Puget Sound / Essays / Prompt 1
Puget Sound: Common App Personal Statement
250-650 words; respond to one prompt
The Common App essay prompts for 2025-2026 are: (1) Some students have a background, identity, interest, or talent that is so meaningful they believe their application would be incomplete without it. If this sounds like you, then please share your story. (2) The lessons we take from obstacles we encounter can be fundamental to later success. Recount a time when you faced a challenge, setback, or failure. How did it affect you, and what did you learn from the experience? (3) Reflect on a time when you questioned or challenged a belief or idea. What prompted your thinking? What was the outcome? (4) Reflect on something that someone has done for you that has made you happy or thankful in a surprising way. How has this gratitude affected or motivated you? (5) Discuss an accomplishment, event, or realization that sparked a period of personal growth and a new understanding of yourself or others. (6) Describe a topic, idea, or concept you find so engaging that it makes you lose all track of time. Why does it captivate you? What or who do you turn to when you want to learn more? (7) Share an essay on any topic of your choice.

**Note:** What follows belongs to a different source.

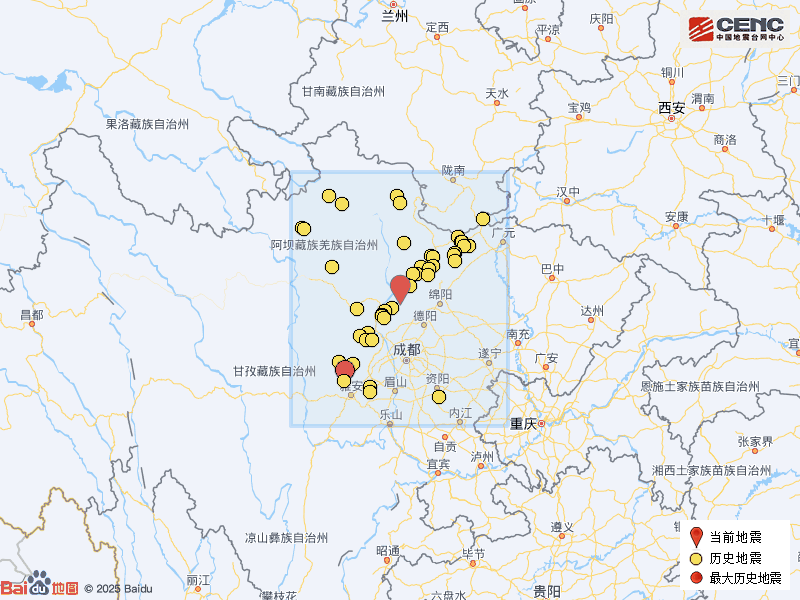 历史地震:根据中国地震台网速报目录,震中周边200公里内近5年来发生3级以上地震共76次,最大地震是2022年6月1日在四川雅安市芦山县发生的6.1级地震(距离本次震中163公里),按震级大小前50次历史地震分布如图。

Puget Sound requires no supplemental essay, so the only essay it reads is your Common App personal statement. You choose one of the seven prompts above and write a single essay of 250 to 650 words. The school is asking, in effect: who are you when you are not listing accomplishments? Note that program-specific paths such as the School of Education and the Occupational Therapy doctorate have their own separate essays, but those do not apply to standard first-year admission.
At a holistic, test-optional liberal arts college with no supplement, this one essay is your clearest chance to become a person rather than a transcript. Readers use it to gauge voice, curiosity, self-awareness, and how you might fit a small, collaborative campus. It is the difference between a file they remember and one they do not.
Choose the prompt that lets you tell a story only you could tell, then stop worrying about it. Many strong essays barely answer the literal question, and that is completely fine.
Open on a specific place, object, or five-minute moment and let the meaning grow outward, instead of starting from a big abstract claim about who you are as a person.
Puget Sound cares less about the achievement and more about the shift in how you see things. Show what changed in you, not just what happened to you.
“Ever since I was a little kid, I have always been passionate about helping others and pushing myself to be the best version of myself.”
“The walk-in freezer at the diner is the only place I can hear myself think, so that is where I went the night I decided to quit the team.”
- 1Opening on a concrete, slightly unglamorous image (a junk bin) signals the 'unpolished, genuine voice' Puget Sound rewards. No grand thesis, just specific stuff.
- 2The motivation is honest and small. Saying 'not on heroics but on the puzzle of it' rejects the inspirational-essay cliche and keeps the voice trustworthy and self-aware.
- 3This line is the thematic core for a school that prizes 'curiosity for its own sake.' It states the value plainly without sermonizing, earned by the specific detail just before it.
- 4Introducing failure (objects that go unclaimed) adds maturity. The grandmother detail deepens the speaker briefly without hijacking the essay; the restraint shows judgment.
- 5This pivots cleanly to community-mindedness, the third thing Puget Sound rewards, and earns it through accumulated specifics rather than a claim. The 'one earbud at a time' callback ties it together.
- 6The closing turns a single anecdote into a self-definition without overstating it. 'Bin energy' keeps the diction casual and real, and the final sentence projects the trait forward, which admissions readers look for, while staying within the 650-word ceiling.
- What is a small moment from the last two years that I still think about, even though it would never make my activities list?
- If a close friend described me to a stranger, what specific story would they tell, and what does that story say about how I move through the world?
- What did I once believe, or want, or assume that I no longer do, and what changed my mind?
- Does this essay sound like me reading it aloud, not a polished stranger? Read it out loud and cut any line you would never actually say.
- Have I avoided repeating my activities list and instead gone deep on one thread or moment?
- Is there at least one detail so specific that no other applicant could have written it?